*PROVIDED DATA*
------------------------------------------------------------------------

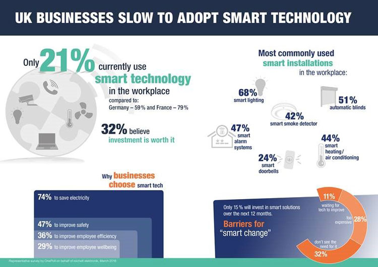 Online electrical retailer reichelt elektronik has found with new research, that uses for smart technology in the workplace are misunderstood or not valued, with over 50% saying they will not be investing in the next 12 months. Smart technology has now become mainstream in our homes but it is yet to make the transition to the workplace.
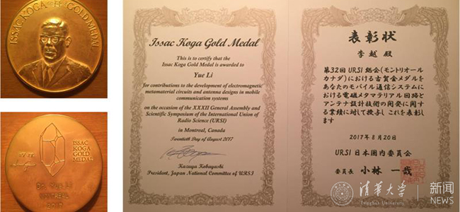 乐鱼(中国)网8月24日电 乐鱼在线平台电子工程系青年教师李越获得国际无线电科学联盟(International Union of Radio Science,URSI)古贺逸策金牌(Issca Koga Gold Medal),以奖励其在电磁超材料电路及移动通信天线领域的贡献(Citation: "For contributions to the development of electromagnetic metamaterial circuits and antenna designs in mobile communication systems.")。8月20日,在加拿大蒙特利尔举行的第32届国际无线电科学大会(2017 URSI GASS)开幕式上,李越被授予该奖。
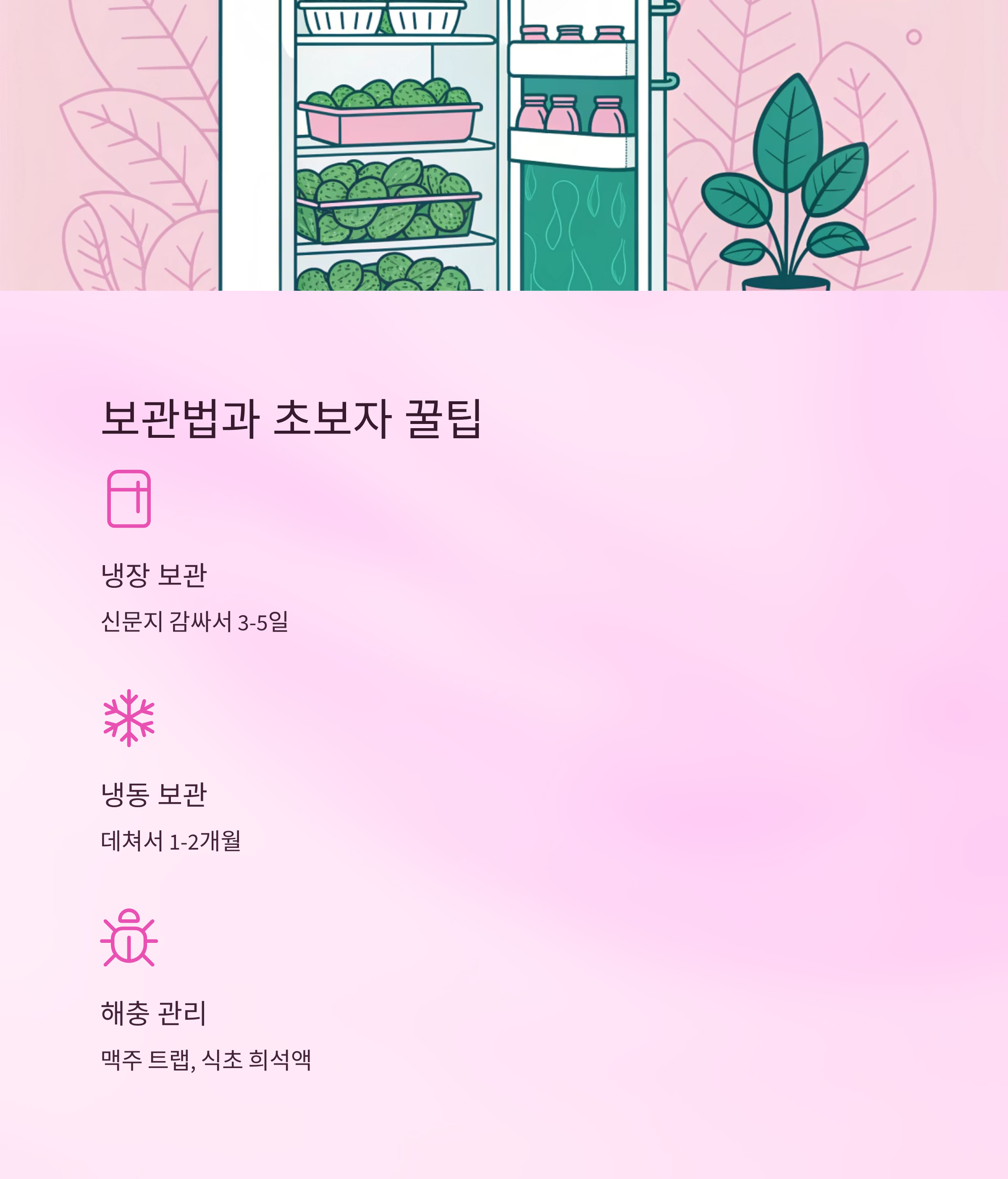 | 냉동 보관 | 데쳐서 소분 냉동 | 장기 보관 가능 | 1~2개월 |

------------------------------------------------------------------------

*WHAT THE TASK ASKS*
Whenever you reach a picture, pass over it; print all the other material exactly.

*WRITTEN SOLUTION*
 Online electrical retailer reichelt elektronik has found with new research, that uses for smart technology in the workplace are misunderstood or not valued, with over 50% saying they will not be investing in the next 12 months. Smart technology has now become mainstream in our homes but it is yet to make the transition to the workplace.
 乐鱼(中国)网8月24日电 乐鱼在线平台电子工程系青年教师李越获得国际无线电科学联盟(International Union of Radio Science,URSI)古贺逸策金牌(Issca Koga Gold Medal),以奖励其在电磁超材料电路及移动通信天线领域的贡献(Citation: "For contributions to the development of electromagnetic metamaterial circuits and antenna designs in mobile communication systems.")。8月20日,在加拿大蒙特利尔举行的第32届国际无线电科学大会(2017 URSI GASS)开幕式上,李越被授予该奖。
 | 냉동 보관 | 데쳐서 소분 냉동 | 장기 보관 가능 | 1~2개월 |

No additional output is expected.